* DATA IN THIS EXERCISE
/---
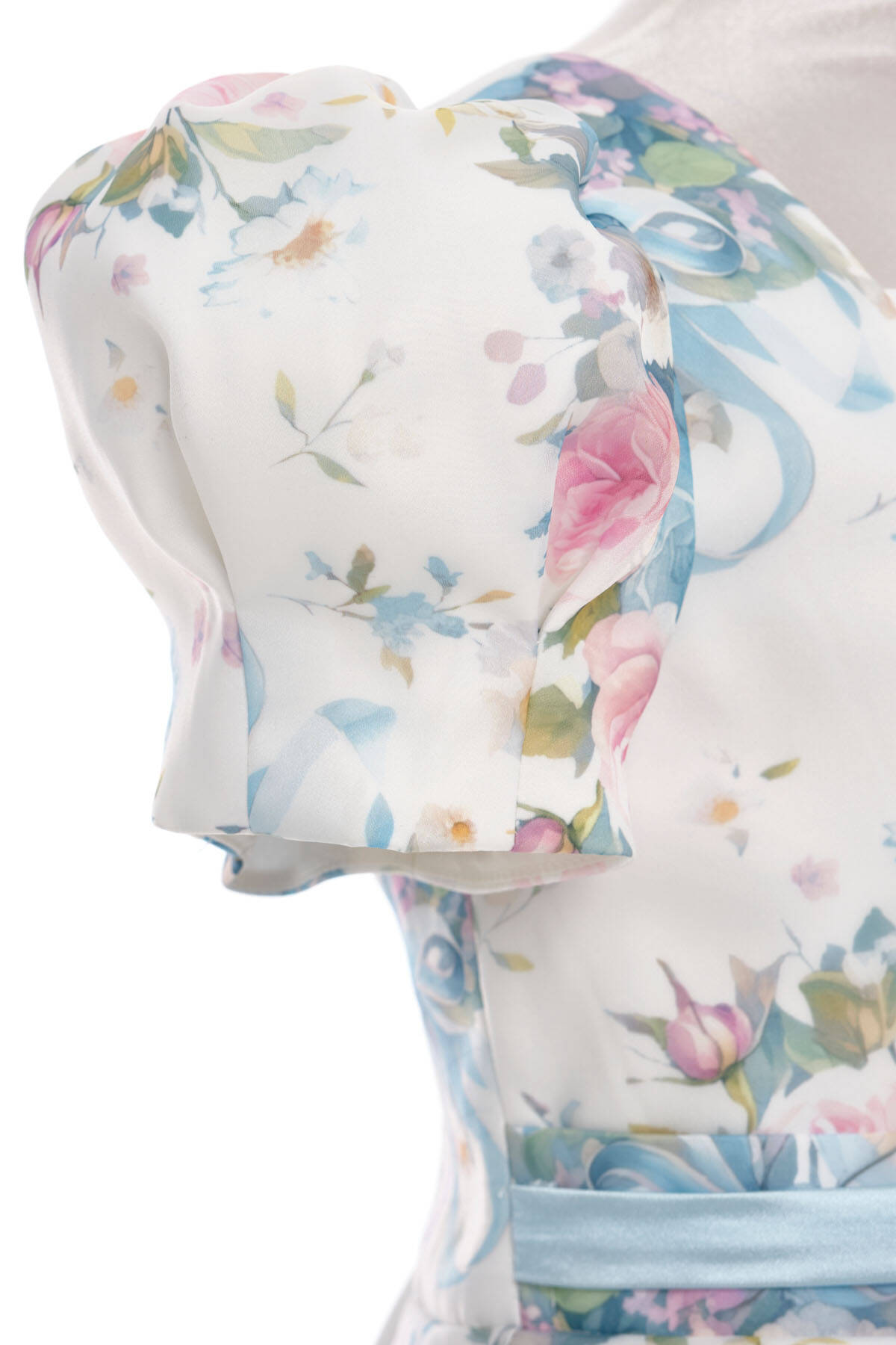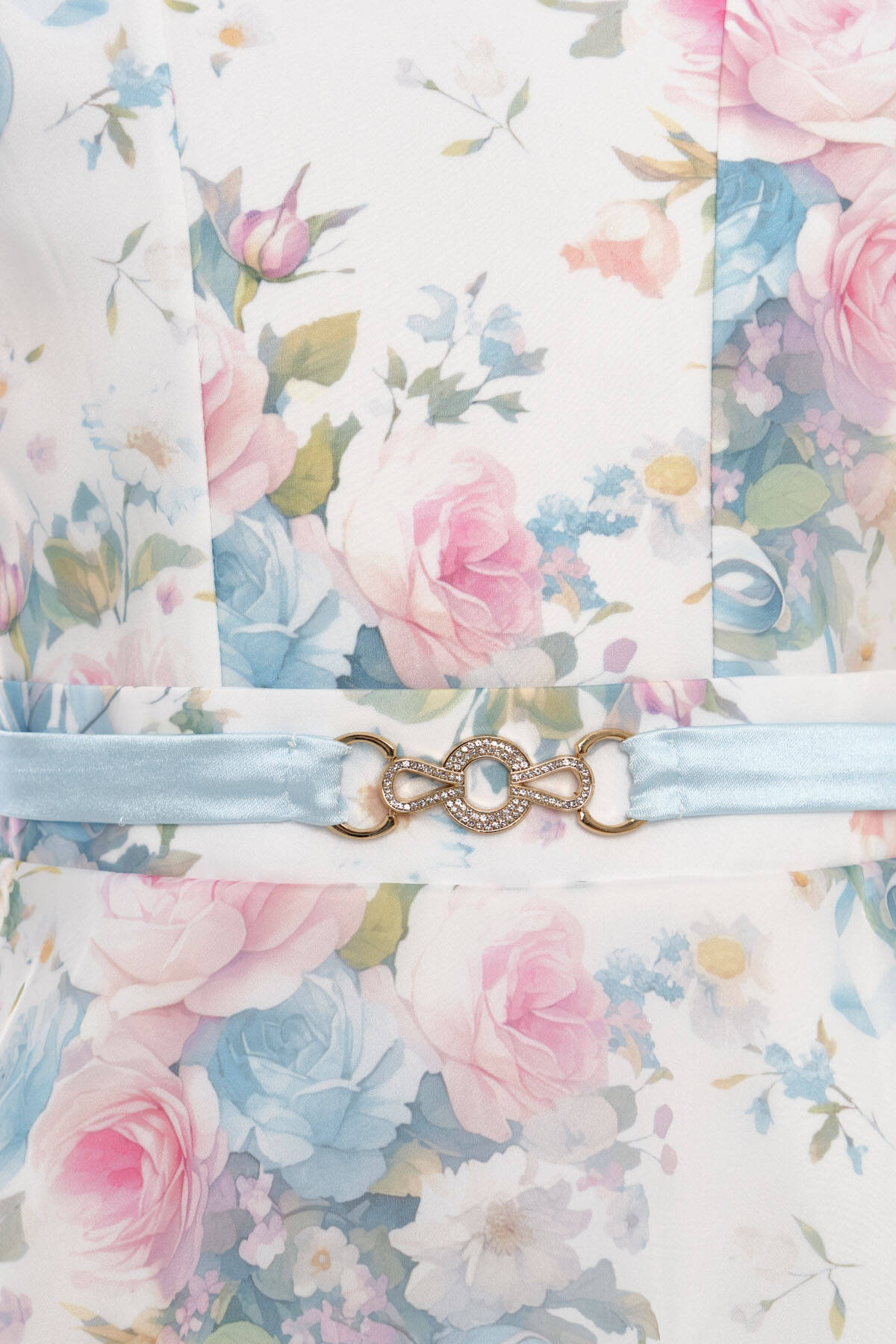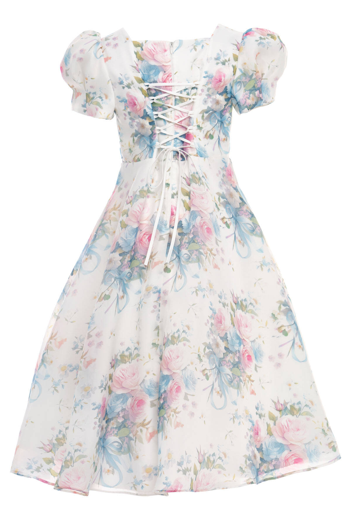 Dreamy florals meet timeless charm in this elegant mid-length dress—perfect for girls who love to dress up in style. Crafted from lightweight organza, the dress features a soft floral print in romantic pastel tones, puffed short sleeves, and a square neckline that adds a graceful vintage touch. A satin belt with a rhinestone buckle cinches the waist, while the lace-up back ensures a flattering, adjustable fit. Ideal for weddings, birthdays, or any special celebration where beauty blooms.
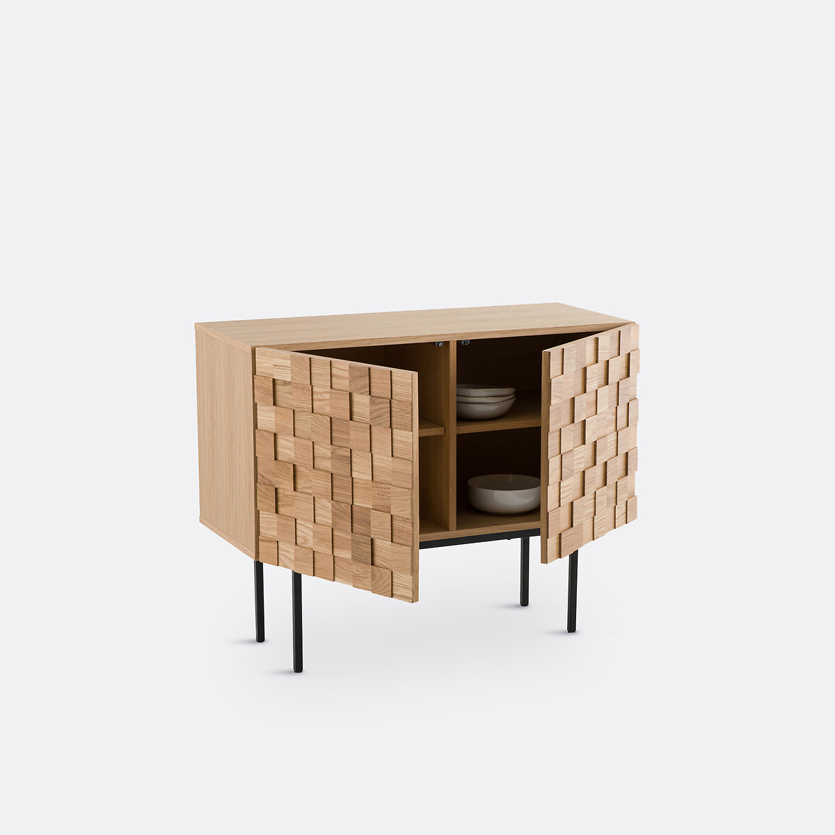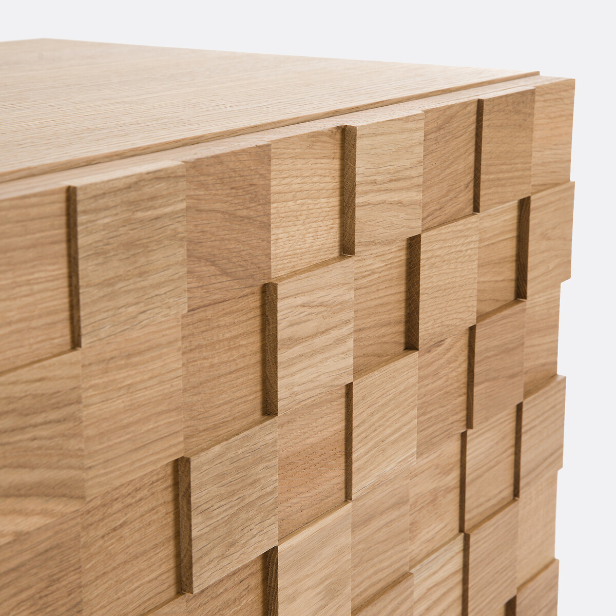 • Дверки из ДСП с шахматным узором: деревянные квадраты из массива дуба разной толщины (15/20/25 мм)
\---
/---
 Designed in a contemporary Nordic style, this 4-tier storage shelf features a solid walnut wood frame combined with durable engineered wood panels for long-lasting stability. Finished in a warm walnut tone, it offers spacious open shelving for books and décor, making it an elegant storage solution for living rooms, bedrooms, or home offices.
\---
/---
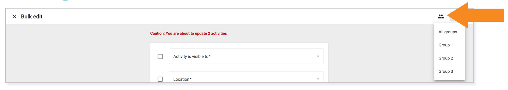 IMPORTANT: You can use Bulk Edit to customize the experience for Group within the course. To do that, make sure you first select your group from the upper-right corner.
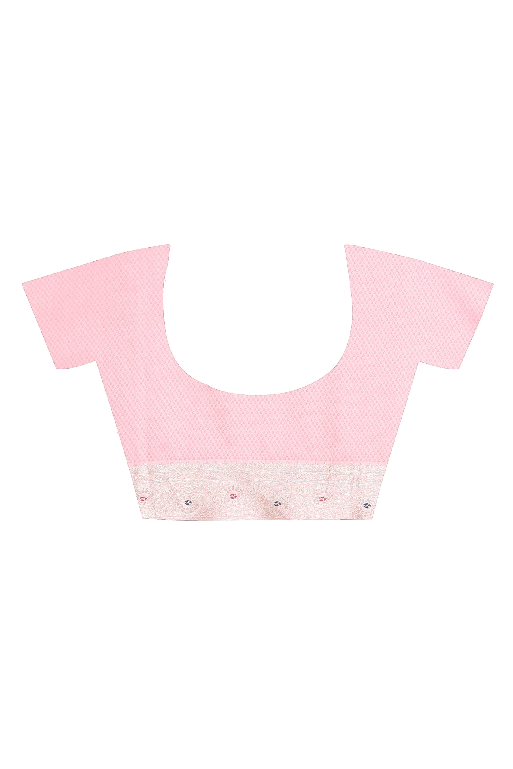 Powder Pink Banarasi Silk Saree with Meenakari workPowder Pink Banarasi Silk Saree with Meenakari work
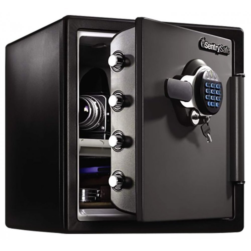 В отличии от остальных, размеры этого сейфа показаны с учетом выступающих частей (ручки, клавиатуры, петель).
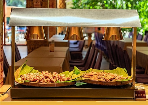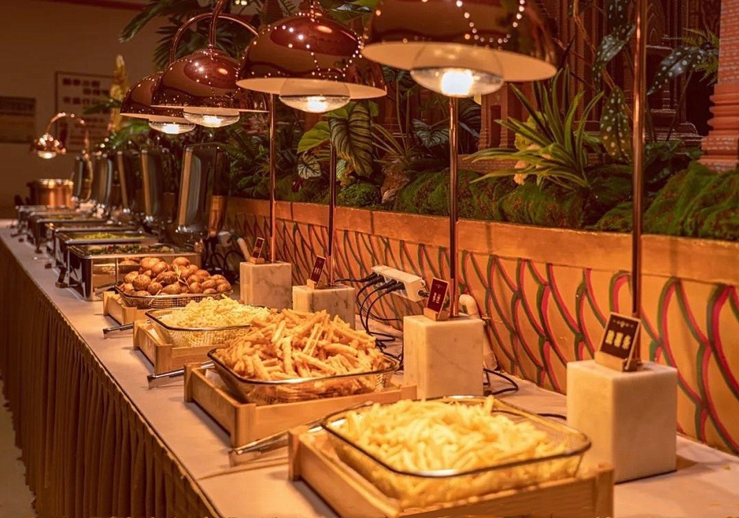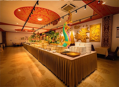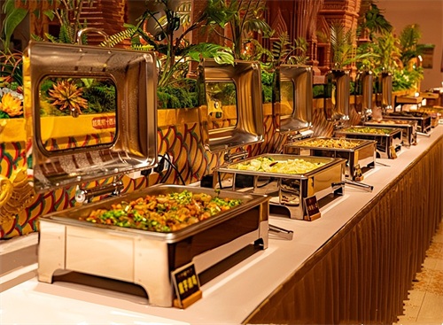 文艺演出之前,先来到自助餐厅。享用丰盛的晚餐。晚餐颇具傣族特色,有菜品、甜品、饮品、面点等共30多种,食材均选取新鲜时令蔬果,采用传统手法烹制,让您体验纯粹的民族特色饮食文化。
\---
* THE PROBLEM
What should come back is an exact copy of the lines above from the line with "Dreamy florals meet" to the line with "толщины (15/20/25 мм)", both included, minus the pictures.

* PROBLEM SOLUTION
 Dreamy florals meet timeless charm in this elegant mid-length dress—perfect for girls who love to dress up in style. Crafted from lightweight organza, the dress features a soft floral print in romantic pastel tones, puffed short sleeves, and a square neckline that adds a graceful vintage touch. A satin belt with a rhinestone buckle cinches the waist, while the lace-up back ensures a flattering, adjustable fit. Ideal for weddings, birthdays, or any special celebration where beauty blooms.
 • Дверки из ДСП с шахматным узором: деревянные квадраты из массива дуба разной толщины (15/20/25 мм)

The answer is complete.